Csaterberg bei Kohfidisch im Südburgenland
Von Oberwart über Großpetersdorf gelangt man nach Kohfidisch. Hier biegt man in Kohfidisch bei der Tafel Csaterberg nach Osten und fährt ca. 2km durch den Wald bis man zu den Weingärten an den Südhängen des Kleinen und anschließend Großen Csaterberg gelangt.
An dieser Stelle möchte ich Euch wieder mitteilen, bitte besucht die Fundstellen nicht während der Reifezeit der Trauben oder der Weinlese denn da bringen die Weinbauern sicherlich wenig Verständnis für das Mineraliensammeln auf.
Das Kieselgestein liegt dem paläozoischen Grundgebirge (Eisenberg-Gruppe) zum Teil unmittelbar auf und ist als Randbildung (Quellabsatz) eines jungpannonischen Süsswassersees zu verstehen. Dies ist auch durch zahlreiche pflanzliche und tierische Versteinerungen gut belegt. Beim Opal handelt es sich hierbei um Opalit oder Süsswasseropale in allen Farbschattierungen, meist infolge des Eisengehaltes dunkel-bis hellbraun,ockerfarben,rötlich,weiß und selten grünliche. Sehr selten findet man dort auch verkieseltes Holz.
Wir (Gaby und Ich) waren das letztemal im Juni 2014 dort und haben einige nette Sammelstücke gefunden.
   
Pechgraben bei Bernstein
Bernstein, eine Marktgemeinde im mittleren Burgenland ist bekannt durch das Vorkommen des sogenannten `Edelserpentins`, der hier in mittlerweile nur mehr einem aktiven Steinbruch abgebaut und zu allerlei Schmuck und Ziergegenständen von einem Bernsteiner Familienbetrieb verarbeitet wird.
Das besonders für Sammler interessante Opalvorkommen liegt im Pechgraben. Das liegende Serpentingestein hat Grünschiefer gebildet und während des Serpentinierungsvorganges im Palöozoikum bis Jura den Opal ausgeschieden.
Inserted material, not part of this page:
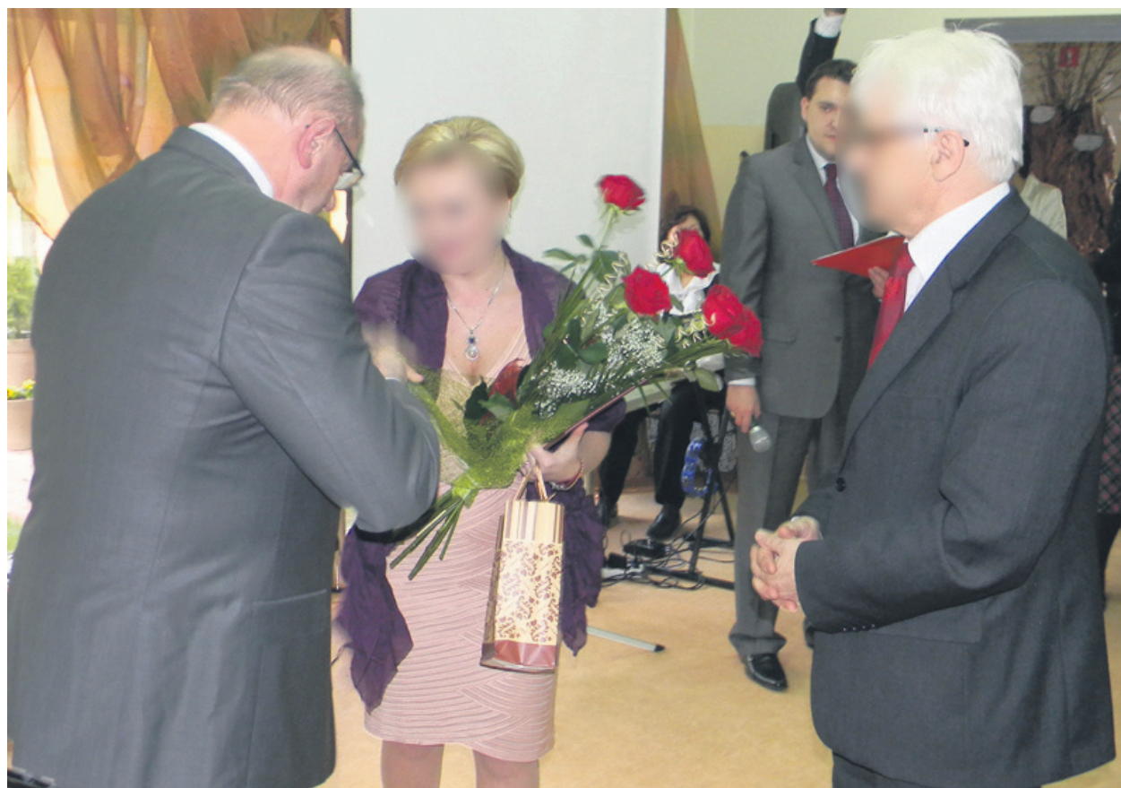
Była dyrektor DPS w towarzystwie starostów IV kadencji Rady Powiatu Sochaczewskiego

Liebe Sammelkollegen ich möchte aber hier ausdrücklich darauf hinweisen, daß das Graben und Schürfen auf dem Gelände des Pechgrabens verboten ist da es im Privatbesitz ist und nach einer Reihe von unschönen Grabungen und Verwüstungen von Sammlern in der Vergangenheit, ab jetzt beim Erwischen sofort Anzeige erstattet wird.
Opalknolle vom Pechgraben,Bernstein,Größe 28x21x13cm,Gewicht 5kg,
VP 100.-
 
  Magnetit vom ehemaligen Fundort in Rumpersdorf im Burgenland
 

Antimongrube in Stadtschlaining bei Oberwart
Zwei km nördlich von Stadtschlaining auf der Straße nach Goberling ist der rechten Seite das ehemalige Antimon-Bergbaugebiet. Dort sind hydrothermale, im Tertiär entstandene Antimonlagerstätten eingeschaltet in jungpaläozoischen, schwach metamorphen Gesteinen wie Kalkschiefer und Phyllite der Rechnitzer Serie. Haupterz und weitaus vorherrschend war der Antimonit, meist derb und sehr selten mit kleinen stengelig-strahligen Kristallen. Außerdem gab es dort kleine bis max.5mm große Magnetitkristalle sowie würfelige bis 1cm große Pyrite im Grünschiefer eingewachsen.
Antimonite vom ehemaligen Antimonbergbau Stadtschlaining sind heute fast nicht mehr zu bekommen und gelten daher als ABSOLUTE RARITÄT unter Sammlern.


  Gipsrosen von Pöttsching
Von Wiener Neustadt in Richtung Osten über Neudörfl gelangt man nach Pöttsching. Im Haldenbereich konnten in den letzten Jahrzehnten einige teilweise bis kindskopfgroße Gipsrosen ausgegraben werden. Die Chancen große Gipsrosen heutzutage zu finden sind aber aüßerst gering. Für das Sammeln muß um Genehmigung bei der Güterverwaltung Esterhazy in Eisenstadt angesucht werden!